Земную жизнь пройдя до половины - Любовь Ковшова
Шрифт:
Интервал:
Закладка:
Надо же, на какой слабости, на какой непутной ноте кончалась для меня история с Морозовской больницей!
Только ведь ничего не кончается, пока жив человек. Спустя семь лет меня еще раз вернули в это время.
В роддоме номерного, закрытого городка, куда нас распределили, я лежала с новорожденным сыном. Снова был март, звон синиц за окном, таянье снега, привкус талой воды в текущем сквозь форточку весеннем воздухе и говорливые после перенесенных мук, молоденькие соседки в палате. В свои тридцать два я чувствовала себя среди них умудренно-взрослой и слушала их щебетание снисходительно, как бы со стороны. И вдруг одна из них, доказывая что-то, сказала:
— Мне это говорила сама Эсфирь Наумовна Перельман, а она была главным специалистом по дифтерийным прививкам в Союзе.
Можно было пропустить эту фразу мимо ушей, но я почему-то вцепилась в соседку по имени Наташа мертвой хваткой: откуда и что она знает про Эсфирь.
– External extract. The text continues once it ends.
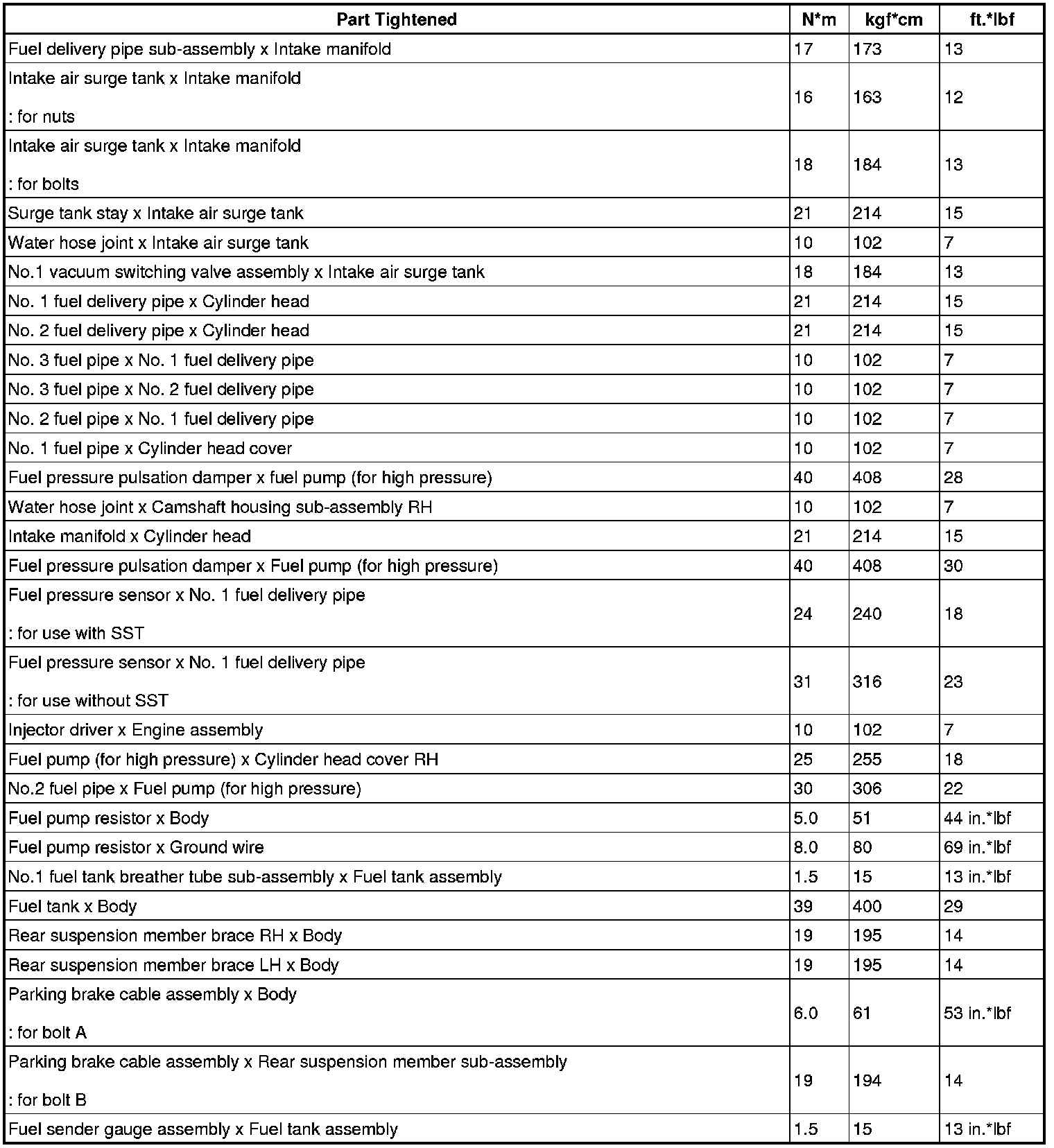 SERVICE SPECIFICATIONS: 2GR-FSE FUEL: TORQUE SPECIFICATIONS

Все оказалось очень просто. Наташа училась на педиатра в Москве и проходила практику в том самом девятнадцатом боксированном отделении Морозовской больницы, то есть у Эсфирь Наумовны. О ней Наташа говорила с придыханием.
Из восторженных Наташиных рассказов вставала совсем неизвестная мне Эсфирь: подвижница на ниве медицины, неизменный член экспедиций в охваченные дифтерийным огнем окраины Сибири и Казахстана, человек, благодаря разработкам которого у нас в стране больше нет дифтерии, а значит, нет и смертности от нее.
— Она пятьдесят лет в Морозовской проработала. С двадцать пятого года, — взахлеб повествовала Наташа. — С ума сойти, скольких с того света вытащила. Сама пункции брала, выхаживала сама…
Все было на месте в Наташином повествовании, только меня смущало прошедшее время.
— Почему «проработала»? Она что, на пенсию ушла? — спросила я, хоть представить Эсфирь на пенсии мне не удавалось.
— Да нет, что вы! — возмутилась Наташа, она, видимо, тоже не представляла Эсфирь пенсионеркой. — Эсфирь Наумовна в декабре семьдесят пятого умерла. И работала до последнего, а на пенсию и не собиралась.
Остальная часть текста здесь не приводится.